気象庁においても、25日午後に建設省・運輸省(いずれも当時の名称)・消防庁・報道関係などに対する説明会を持った。
こうした経緯に沿って愛知県では26日11時15分に、三重県でも11時30分に暴風雨・波浪・高潮の各警報が発令され、厳戒態勢に入ったが、それでも気象観測始まって以来の大災害が引き起こされたのであった。
[編集] 被害状況
- 死者・行方不明は5098人、うち愛知県で3351人(うち名古屋市1,909人)、三重県1211人と2県に集中。負傷者38921人。
- 全壊家屋36135棟・半壊家屋113052棟、流失家屋4703棟、床上浸水157858棟、船舶被害13759隻。
- 被災者数は全国で約153万人に及んだ。うち、愛知県は約79万人・三重県は約32万人と各県全人口の約2割が被災した。
- 南寄りの暴風で海水が伊勢湾・三河湾の最奥部に吹き寄せられ、三重県と愛知県の広い範囲で高潮による浸水が発生し、名古屋市南区付近は、2週間以上も水が引かなかった地域があった。名古屋市南部(南区、港区)、及び、隣接する海部郡南部(蟹江町、飛島村、弥富町(現弥富市)、十四山村(同)など)、知多郡北部(大高町(現名古屋市緑区)、上野町(現東海市)、横須賀町(同)など)は、江戸時代に遠浅の海を干拓してできた新田で、海面下2~3mの土地もあったため、高潮により一旦海岸堤防が破壊するとひとたまりもなく水没した。これら低地の復旧のためには、まず堤防を完全に作り直した上でポンプにより海水を排水しなければならなかったため、水没地域が完全になくなったのは被災から3ヶ月経った12月下旬であった。その間、多くの世帯の汲み取り便所の汚水があふれ出たままとなり、また孤立した人々の排泄物も停滞するなど、衛生状態が著しく悪化した。

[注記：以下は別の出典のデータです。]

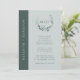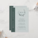 Todo en uno con detalles de la tipografía audaz moderna Esmeralda y la invitación a la boda de la corona verde salva... Nuestro sabio "All in One" y la invitación a una boda verde esmeralda presenta una tipografía serif audaz combinada con un texto sans serif para una simple y moderna invitación a una boda monogramada. La corona esmeralda verde y los ilustraciones frondosos son productos botánicos artesanales... dando un aspecto único y elegante a las novias modernas. La parte posterior de la invitación contiene todos los detalles que normalmente se verán en las tarjetas separadas del paquete del boda, incluyendo la hora y el lugar de recepción, las opciones de alojamiento, el sitio web del boda, RSVP e información del registro. Esta moderna y minimalista invitación a las bodas en casa fue diseñada para ser moderna, ahorrar tiempo y conservar árboles. Todo el texto de ejemplo se puede revisar fácilmente con su propia información sobre la plantilla de personalización.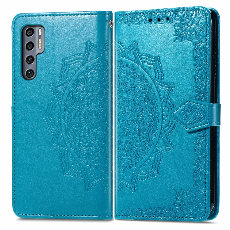 Funda de Cuero Horizontal Flip para TCL 20 Pro 5G Mandala Flower con Soporte, Ranura para Tarjeta, Billetera y Cordón (Azul)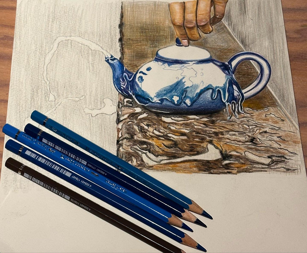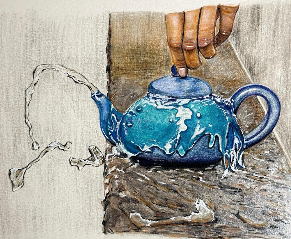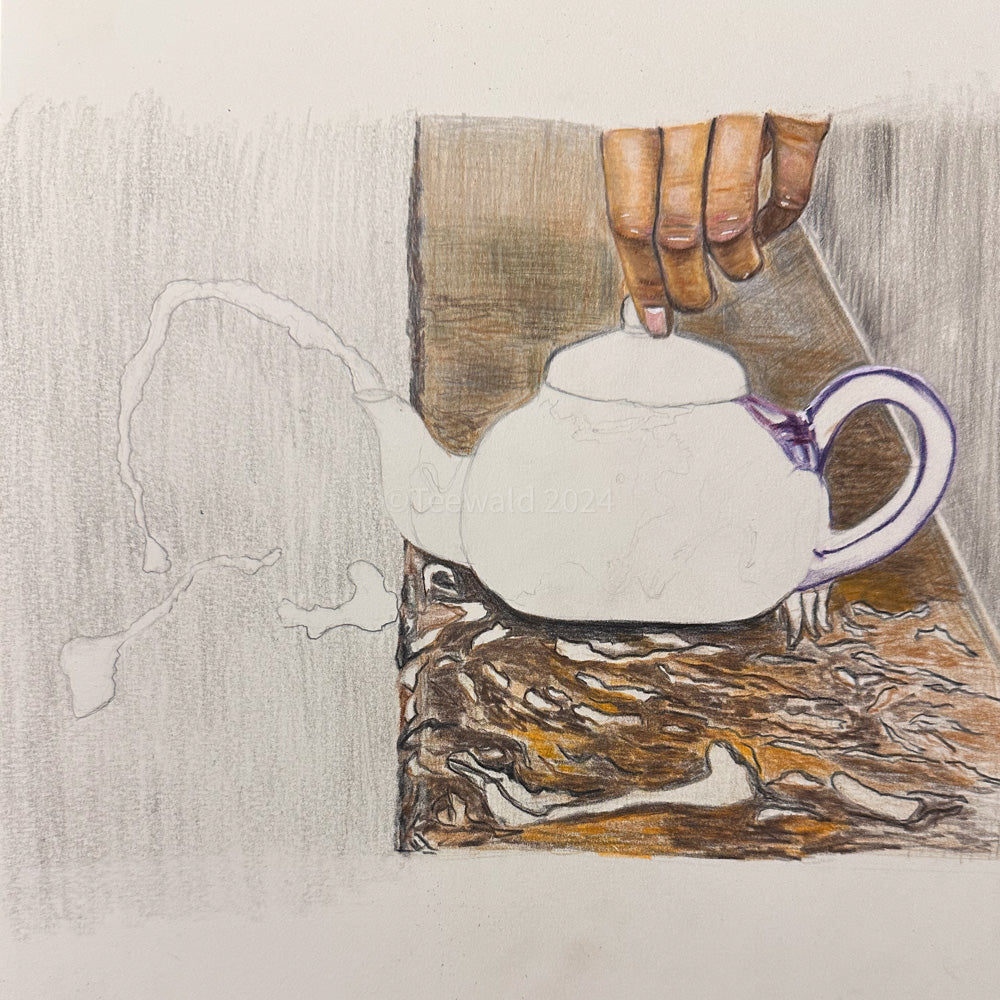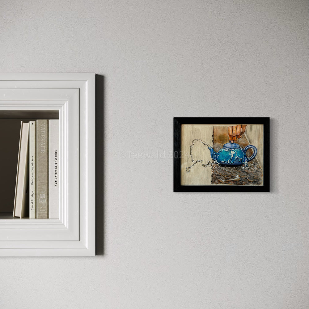 Tea Splash, Buntstiftzeichnung mit Rahmen, 18x24cm

- 台風の速度が非常に速く、雨の継続時間が比較的短かったので雨量は極端に多くはならなかったが、奈良県内で1時間雨量118ミリメートルを記録するなど豪雨となり、紀の川や櫛田川など大台ヶ原を水源とする河川で洪水被害が大きくなり、橋梁の流失4160箇所、堤防決壊5760箇所などがあったのをはじめ、山間部では土石流や鉄砲水による住家や耕地の流失・埋没の被害が大きかった。岐阜県養老郡養老町は、揖斐川の堤防が決壊し、ほとんど水につかってしまった。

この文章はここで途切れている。